In the test setup, initial logging was done over NFS which turns out to be very bad with this particular NFS set up which was optimized for read loads (as a NFS server for a web application cluster probably should be). Then was getting Apache to just log to syslog locally. Theres no one-push button for this, but Sending Apache logs to Syslog on the O'Reilly Network helps out greatly (much of below is a direct result of this article). Apache can be configured to use an external script for logging and a little perl script to pipe it to syslog (which can then pass it along to another server) does the trick. We experimented with using the 'logger' binary to log to the central server directly from apache, but it has a nasty undocumented habit of splitting long log lines into multiple entries in syslog on the central server which is unacceptable for using tools like Splunk as well as web server log analytics packages. (In addition to this, the caveats at the bottom of the O'Reilly article are very true and may matter significantly depending on your setup.)

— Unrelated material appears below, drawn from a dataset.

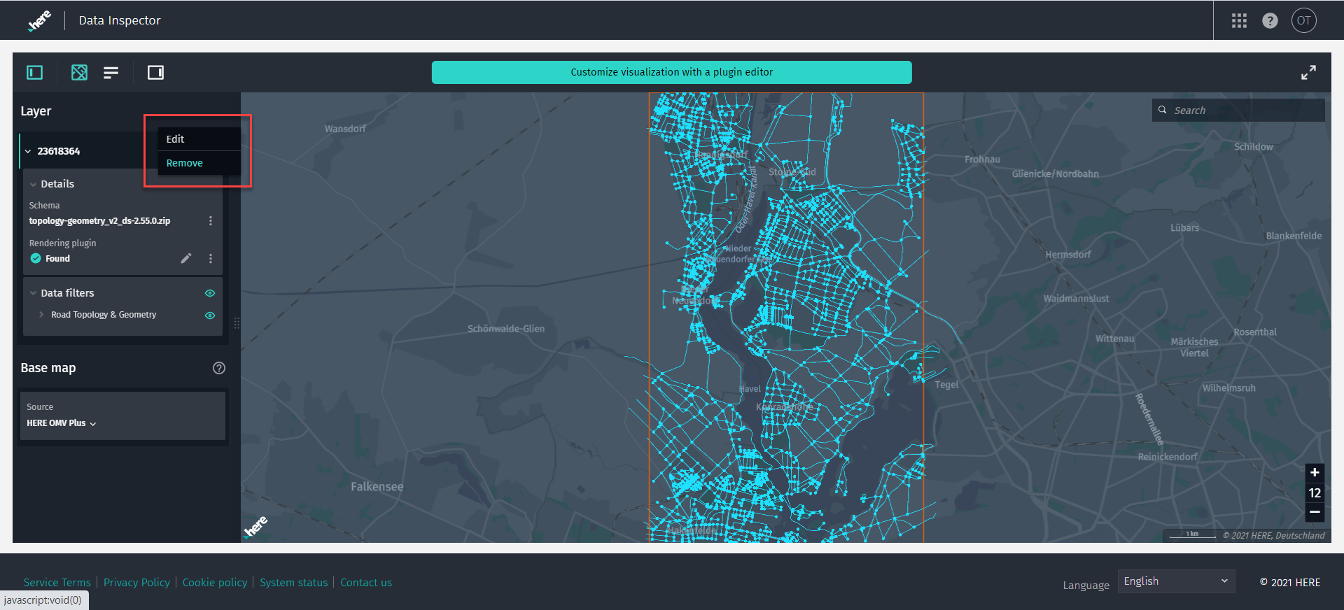 application/geo+jsonorapplication/vnd.geo+json, you can customize visualizations of GeoJSON data through a rendering plugin (highlight features, provide custom icons, apply tooltips, and more). - For HERETile layers that originally have no bundled schema, you can provide your own schemas for data decoding.

Lastly is taking care of the site separation for analytics. With the setup above, log lines were coming in with no information identifying what site they came from (and the syslog information is appended to the beginning of each line, *sigh*). The easy way to deal with this is by adding the virtual host name to the log format Apache is using. this howto explains the process, though they use %{Host}i instead of the perhaps easier to remember %v. With this last change, everything comes into the central server and can easilly be split up into files per host with no syslog headers. However, if you're only interested in overall stats per host like bandwidth/hits, webalizer knows what to do without any configuration changes. A "sites" section appears and gives a breakdown of the hits, files, kbs, and visits per site. This is all running on my little cluster now and should make my life a lot easier when the new servers show up.